但边春军却安慰她,“人的本性是可以隐藏的,以前她或许自卑,或许真的不在乎,等到了一个契机出现的时候,便把她骨子里的不甘心勾出来了,不是你这件事就是其他的事,早晚都有这一天。说白了还是欲壑难填,有太多想要的,凭借自己又达不到。她和丁越兴许也是相互利用。”

如今看向包秀萍,向思浓已经看淡。

包秀萍看着她却是一愣。

本以为两人就此别过,不想包秀萍却在她面前停下,“向思浓,我们说几句话?”

向思浓让向根生跟周猛去那边等她,说,“你说。”

“你不怕我对你做什么?”

包秀萍说的很认真,向思浓也认真回答,“我这么跟你说,别看我现在怀着孕,我收拾你都不用我动腿,别说是你了,就是你跟你打大老板一起,我也不在话下。”

“那你……”

“唉,没办法啊,我就是有人疼,都不放心我啊。我带着人家里人放心啊。”

向思浓看着包秀萍眼睛里涌现出的复杂,笑道,“你看看,又开始嫉妒了,人有多大本事吃多少的饭,你现在都傍上老板了,何必还来我跟前找不痛快呢。”

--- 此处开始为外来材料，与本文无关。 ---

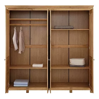 Внутри широкое отделение со штангой и местом под головные уборы, а также четыре вместительные полки для других вещей. Распашные двери – глухие, но с оригинальным декором.

听到这话,包秀萍倒是没生气,反而幽幽道,“我有时候在想,如果我当初没产生那么多想法,会不会就不一样了。”

这样的问题最没必要说。

向思浓道,“没事儿的话我走了。”

包秀萍苦笑道,“你是不是挺看不起我的。”

“没有,因为你跟我没什么关系,你怎么样跟我更没关系。”向思浓实话实说,“不过有些方面我倒是挺佩服你的,能豁得出去,知道自己想要什么,但是你太不爱惜自己的身体了,以后你会是我教育孩子的反面教材。”